Quote:The COH player doesn't have the information that a tradable commodity player would have.
Not sure how the quirks of the interface go from an advantage in paragraph one to a crippling disability in paragraph 2.
The same information is available to everyone, the playing field is level as can be.
Absent control of supply (or as Uber notes, supply that follows a predictable pattern) there is no "cornering" possible. -
Here's how I bid on stuff.
common salvage: 5k minimum
uncommon: 11k minimum
this keeps me from having to re-type anything most of the time.
rares: undercut 'last 5' if I'm not in a hurry, go a bit over 'last 5' if I'm in a hurry.
recipes:
For anything over a few hundred k I always throw out one ridiculously, insultingly low bid....which fills often enough to keep me doing it. =P
After that, I'll bid what I think it's worth.

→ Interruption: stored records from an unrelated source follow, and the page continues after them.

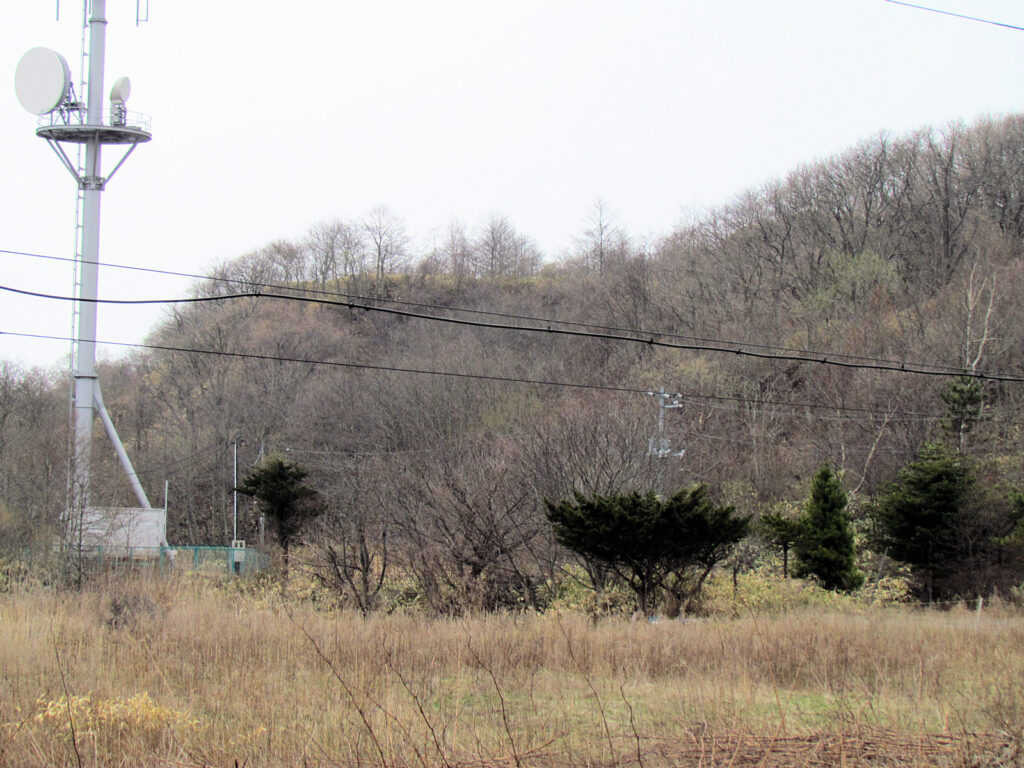 この日はmixiのお城巡りコミュの「全国一斉お城の日」だったので、久しぶりに道の駅とチャシ巡りの旅に行ってきました。出かける前の資料収集段階で、『アイヌ民族博物館だより No.9』に「白老町のチャシと新発見の事例」(佐藤政憲)という論文を見つけ、それにこのチャシのことが載っていたのを見つけ、地図で場所も確認していました。その論文によると弧状の壕が1条ある丘頂式のチャシであるとのことでしたが、行ってみると民家(?)か何かの会社の建物があり、その裏山がチャシの場所のようでした。入り口には立入禁止の札があったので、近づくのは断念し、遠景を撮影しただけで次へ移動しました。(2012/04/29)
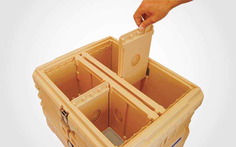 Queen Breeding Nucleus with 4 Compartments allows, by its very design, to simultaneously rear and feed four independent colonies in any region or climate. The living space available per colony not only enhances queen quality and enables her to lead a larger colony population, but also serves to increase productivity. With 4 Compartments was designed to lend itself to be converted into a Thermo Swarm Rearing Nucleus with 2 Compartments or a Thermo Production Hive, by means of accessories, if needed.
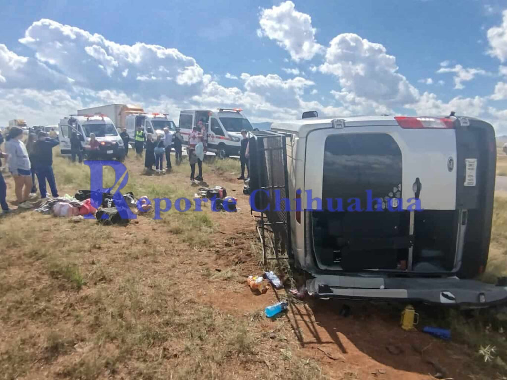 Una camioneta Ford Transit volcó en la carretera Chihuahua-Juárez con estudiantes a bordo. Un menor fue trasladado al hospital, mientras otros 23 recibieron atención en el lugar.
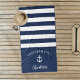 Tratem as suas damas de honra a estas toalhas náuticas de praia em chico, com listras clássicas, azuis e brancas, com uma ilustração branca de âncora e "colega de ponte" em letras brancas. Personalize com o nome de cada bridesmaid em letra de script de pincel manuscrito.

If that doesn't win it, I leave the bid to sit for a while. Most of the time I have what I want pretty quick, very occasionally I get impatient and increase it. -
Is Another Fan still stalking me?
Hilarious, since he was the inaugural member of my new forum 'ignore' list.
There is no way to control supply in this game.
If you can't control supply, you can't corner anything.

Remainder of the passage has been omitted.